当前位置：网站首页>[w806 drummer's notes]fpu performance simple test - May 23, 2022

[w806 drummer's notes]fpu performance simple test - May 23, 2022

2022-06-09 04:19:00 【ZZZ_ XXJ】

W806 It's a safe IoT MCU chip . Chip integration 32 position CPU processor , built-in UART、GPIO、SPI、SDIO、 I2C、I2S、PSRAM、7816、ADC、LCD、TouchSensor Equal digital interface ; Support TEE Security engine , Support a variety of hardware encryption and decryption algorithms , built-in DSP、 Floating point units and security engines , Support code security permission settings , built-in 1MB Flash Memory , Support firmware encryption storage 、 Firmware signature 、 Security debugging 、 Security upgrade and other security measures , Ensure product safety characteristics . Suitable for small household appliances 、 Smart home 、 Intelligent toy 、 Industrial control 、 Medical care and other extensive areas of the Internet of things .

FPU brief introduction

The following is excerpted from 《 Darksteel E804 User's Manual _v04》.

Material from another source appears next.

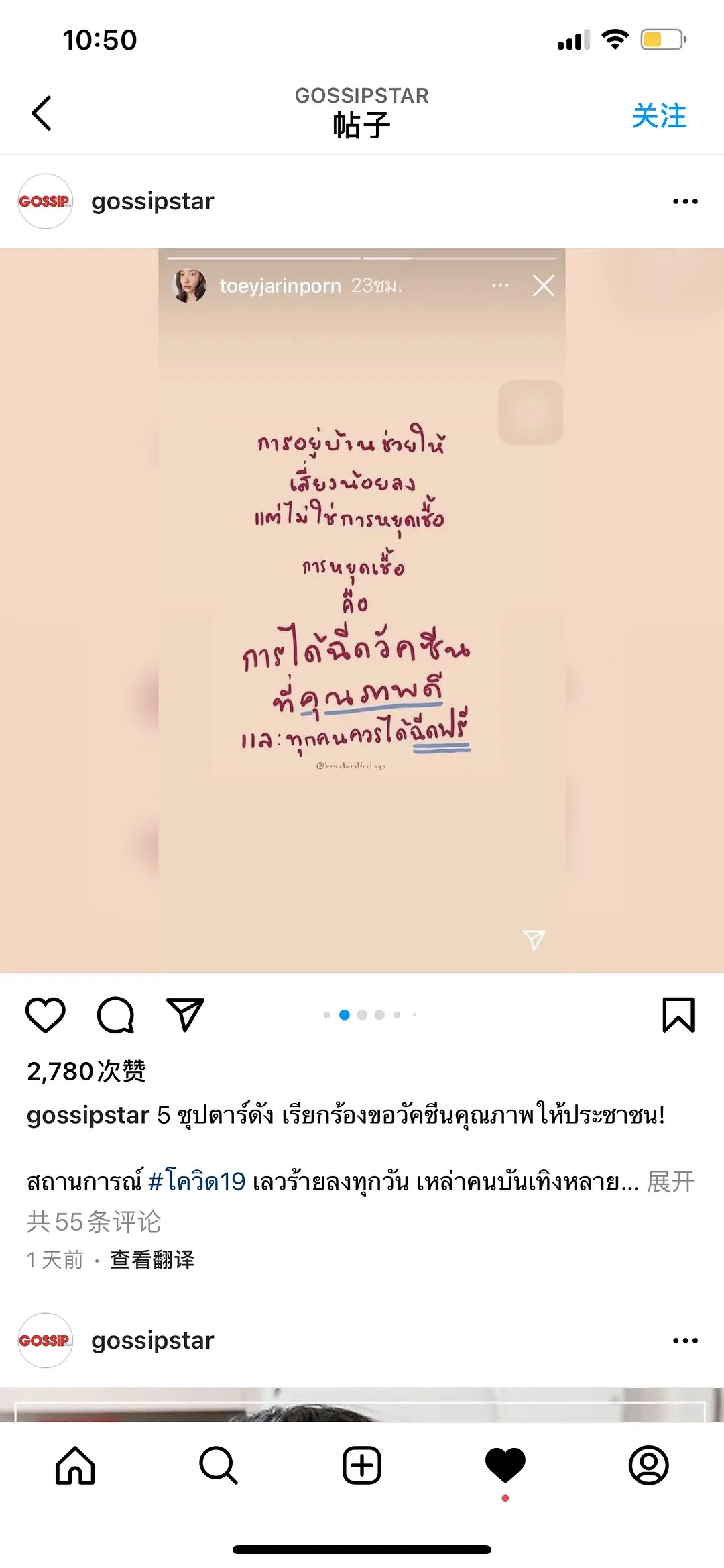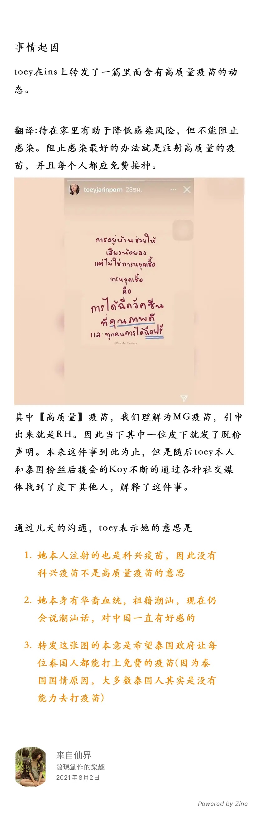 今年toey 为疫苗发声要求政府免费发放高端疫苗而被不少中国粉丝攻击

Floating point units act as E804 Configurable hardware unit of , Designed to improve E804 Processing power for floating point applications .E804 Floating point units provide a low cost 、 High performance hardware floating point implementation .
Floating point units support IEEE-754 Single precision floating-point operation in floating-point standard , Realized 16 A single precision floating-point register . Supported by the system software ,E804 It can support double precision floating-point operation .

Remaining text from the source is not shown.